# Differentiating under the integral sign (differentiation with respect to a parameter)

In Example 3.3 of INTEGRATION: THE FEYNMAN WAY by an ANONYMOUS one finds also the same advice $G(t)=\displaystyle\int_{0}^{\pi /2}\dfrac{\arctan \left( t\tan x\right) }{\tan x}dx$.

I proceed as follows

$G^{\prime }(t)=\displaystyle\int_{0}^{\pi /2}\dfrac{\partial }{\partial t}\dfrac{\arctan\left( t\tan x\right) }{\tan x}dt=\int_{0}^{\pi /2}\dfrac{1}{t^{2}\tan ^{2}x+1}dx$

The difficult part now is how to integrate $\dfrac{1}{t^{2}\tan^{2}x+1}$ which is not detailed in the article.

After knowing the result, I worked backwards.
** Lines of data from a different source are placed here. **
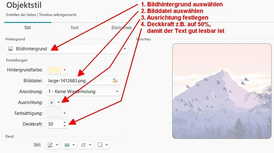 Gewünschte Text-Objekt im Raster markieren und oben auf "Stil" klicken, im Fenster "Objektstil" kann ein Hintergrundbild hinter dem Text eingefügt werden, dabei wird je nach Bildgröße und Einstellungen meistens nur ein Ausschnitt angezeigt, siehe Screenshot C ganz unten
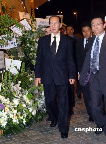 曾经与霍英东共事过的澳博行政总裁何鸿燊赶到殡仪馆向霍英东的灵位致祭。
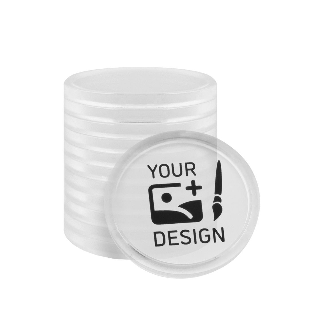 Transparante munten met jouw eigen bedrukking Ø25mm - per 100 stuks

By splitting the integrand into

$\dfrac{1}{t^{2}\tan ^{2}x+1}=\dfrac{t^{2}}{t^{2}-1}\dfrac{\tan ^{2}x+1}{t^{2}\tan ^{2}x+1}-\dfrac{1}{t^{2}-1}$

we can evaluate

$\displaystyle\int \dfrac{1}{t^{2}\tan ^{2}x+1}dx=\dfrac{t^{2}}{t^{2}-1}\int \dfrac{\tan^{2}x+1}{t^{2}\tan ^{2}x+1}dx-\int \dfrac{1}{t^{2}-1}dx$

$=\dfrac{t}{t^{2}-1}\arctan \left( t\tan x\right) -\dfrac{x}{t^{2}-1}$

Hence

$G^{\prime }(t)=\left. \dfrac{t\arctan \left( t\tan x\right) -x}{t^{2}-1}\right\vert _{0}^{\pi /2}$

$=\dfrac{t\arctan \left( t\tan \pi /2\right) -\pi /2}{t^{2}-1}-\dfrac{t\arctan\left( t\tan 0\right) -0}{t^{2}-1}$

$=\dfrac{\pi }{2\left( t+1\right) }$

and

$G(t)=\displaystyle\int \dfrac{\pi }{2\left( t+1\right) }\; dt=\dfrac{\pi }{2}\ln \left( t+1\right).$

(due to $G(0)=0$ the integration constant is $C=0$)

The original integral is therefore

$G(1)=\dfrac{\pi }{2}\ln 2.$

Does anyone know another way of evaluating $G(t)$?

Dear Todd

Thanks for reminding me that “the idea is to try to make the solutions mechanical”!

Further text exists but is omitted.